─── Information provided

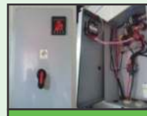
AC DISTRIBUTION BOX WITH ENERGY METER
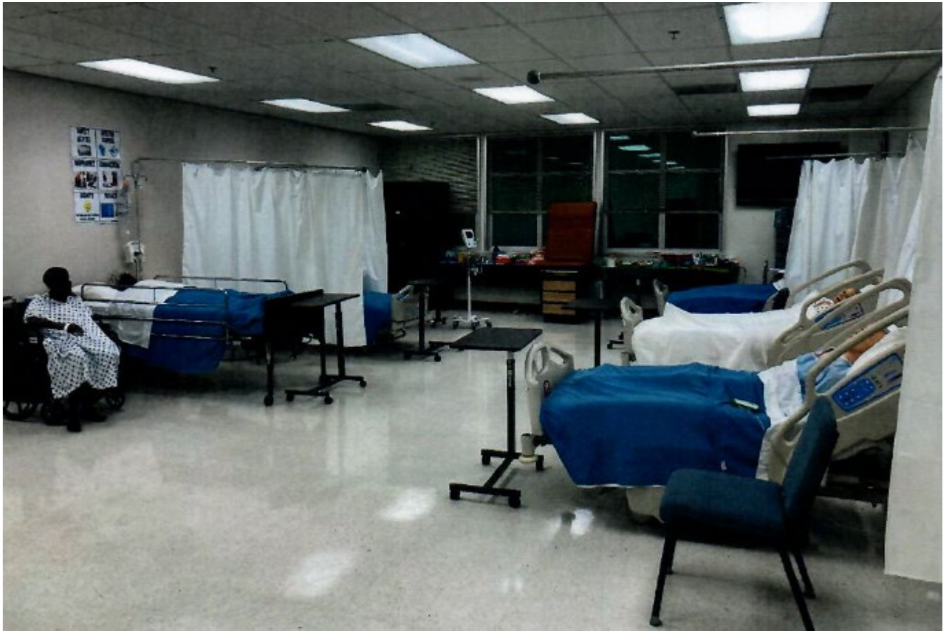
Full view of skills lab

──────
─── Information provided

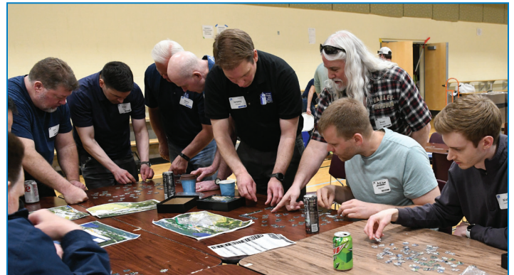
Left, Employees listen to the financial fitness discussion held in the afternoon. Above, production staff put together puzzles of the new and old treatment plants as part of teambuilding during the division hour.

──────

*Task brief*. Set down again, word for word, every line from the one with "AC DISTRIBUTION BOX WITH ENERGY METER" to the one with "Full view of skills lab" in the entries above, and omit the pictures.

*Solution*.
AC DISTRIBUTION BOX WITH ENERGY METER
Full view of skills lab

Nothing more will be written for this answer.